Titanochelon is an extinct genus of giant tortoises known from the Early Miocene to the beginning of the Pleistocene in Europe, extending from the Iberian Peninsula to Anatolia, as well as possibly North Africa. Some members of the genus were larger than extant giant tortoises, with a shell length of up to 2 m.

== Taxonomy ==
There are approximately 10 known species in the genus, most of which were originally assigned to Testudo (a genus which formally encompassed almost all fossil tortoises) or Cheirogaster, the type species of which, Cheirogaster maurini is known from the Eocene of France and is quite different to the species assigned to Titanochelon. After a major systematic revision in 2014, the genus Titanochelon was created to house these related species.

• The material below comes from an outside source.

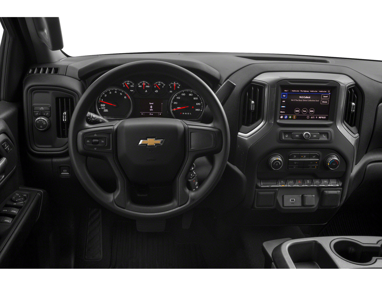 Equipped with Custom Convenience Package (Electric Rear-Window Defogger, EZ Lift Power Lock & Release Tailgate, LED Cargo Area Lighting, Remote Vehicle Starter System, and Theft Deterrent System (Unauthorized Entry)), Custom Value Package, Infotainment Package (Chevrolet Connected Access Capable, OnStar & Chevrolet Connected Services Capable, SiriusXM Radio, and Wi-Fi Hot Spot Capable), Preferred Equipment Group 1CX (3.5 Monochromatic Display Driver Info Center, Bluetooth® For Phone, Body Color Grille, Color-Keyed Carpeting Floor Covering, Compass, Deep-Tinted Glass, Electronic Cruise Control, Front Frame-Mounted Black Recovery Hooks, Front Rubberized Vinyl Floor Mats, Manual Tilt Wheel Steering Column, Power Door Locks, Power Front Windows w/Driver Express Up/Down, Power Front Windows w/Passenger Express Down, Power Rear Windows w/Express Down, Rear 60/40 Folding Bench Seat (Folds Up), Rear Rubberized-Vinyl Floor Mats, Remote Keyless Entry, and Standard Tailgate), Trailering Package (Hitch Guidance), 10-Way Power Driver Seat w/Lumbar, 120-Volt Bed Mounted Power Outlet, 120-Volt Instrument Panel Power Outlet, 3.42 Rear Axle Ratio, 4-Wheel Disc Brakes, 40/20/40 Front Split Bench Seat, 6 Speakers, 6-Speaker Audio System, ABS brakes, Air Conditioning, Alloy wheels, AM/FM radio: SiriusXM, Apple CarPlay/Android Auto, Brake assist, Bumpers: body-color, Cloth Seat Trim, Delay-off headlights, Driver door bin, Driver vanity mirror, Dual front impact airbags, Dual front side impact airbags, Electronic Stability Control, Front anti-roll bar, Front Center Armrest w/Storage, Front License Plate Kit, Front reading lights, Front wheel independent suspension, Fully automatic headlights, Heated door mirrors, Heavy Duty Suspension, Illuminated entry, Low tire pressure warning, Occupant sensing airbag, Outside temperature display, Overhead airbag, Overhead console, Panic alarm, Passenger door bin, Passenger vanity mirror, Power door mirrors, Power steering, Power windows, Premium audio system: Chevrolet Infotainment 3, Radio data system, Radio: Chevrolet Infotainment 3 System, Rear reading lights, Rear step bumper, Rear window defroster, Remote keyless entry, Security system, Speed control, Speed-sensing steering, Split folding rear seat, Tachometer, Tilt steering wheel, Traction control, Trip computer, Variably intermittent wipers, Voltmeter, and Wheels: 20 x 9 Bright Silver Painted Aluminum.

- Titanochelon bolivari (Hernandez-Pacheco, 1917) (type) Iberian Peninsula, Miocene
- Titanochelon bacharidisi (Vlachos et al., 2014) Greece, Bulgaria, Late Miocene
- Titanochelon perpiniana (Deperet 1885) France, Pliocene
- Titanochelon schafferi (Szalai, 1931) Samos, Greece, Miocene
- Titanochelon vitodurana (Biedermann 1862) Switzerland, Early Miocene
- Titanochelon kayadibiensis Karl, Staesche & Safi, 2021, Anatolia, Miocene
- Titanochelon eurysternum (Gervais, 1848–1852) France, Miocene
- Titanochelon ginsburgi (de Broin, 1977 ) France, Miocene
- Titanochelon leberonensis (Depéret, 1890) France, Miocene
- Titanochelon schleichi Pappa, Vlachos & Moser, 2023, Germany, Miocene (Burdigalian/Langhian boundary)

The giant tortoise species "Testudo" gymnesica Bate, 1914 from the Lower Pliocene-Lower Pleistocene of the Balearic Islands was formerly suggested to be possibly attributable to this genus, but the taxon displays notable differences from the species assigned to Titanochelon. Remains from the Pleistocene of Malta were also considered possibly attributable to this genus. In 2022, "Testudo" gymnesica and the Maltese species were assigned to the new genus Solitudo.

In 2025, "Testudo" punica Arambourg, 1979 from the Early Pliocene of Ichkeul, Tunisia was suggested to be closely related and possibly belonging to Titanochelon, and was tentatively assigned to the genus as "Titanochelon" punicum.

== Evolutionary history ==
Phylogenetic analyses have recovered Titanochelon as most closely related to Stigmochelys (the leopard tortoise), which is native to Africa, suggesting the genus has an African origin. Fossils have been recovered from across Europe beginning in the Early Miocene from Portugal, Spain, France, Switzerland, Germany, Austria, the Czech Republic, Greece, Bulgaria, and Anatolia. The youngest known definitive remains of the genus are known from the Early Pleistocene Fonelas P-1 site of Granada in southern Spain, dating to around 2.0 million years ago. Their extinction was likely related to climatic cooling due to the onset of glaciation at the beginning of the Pleistocene.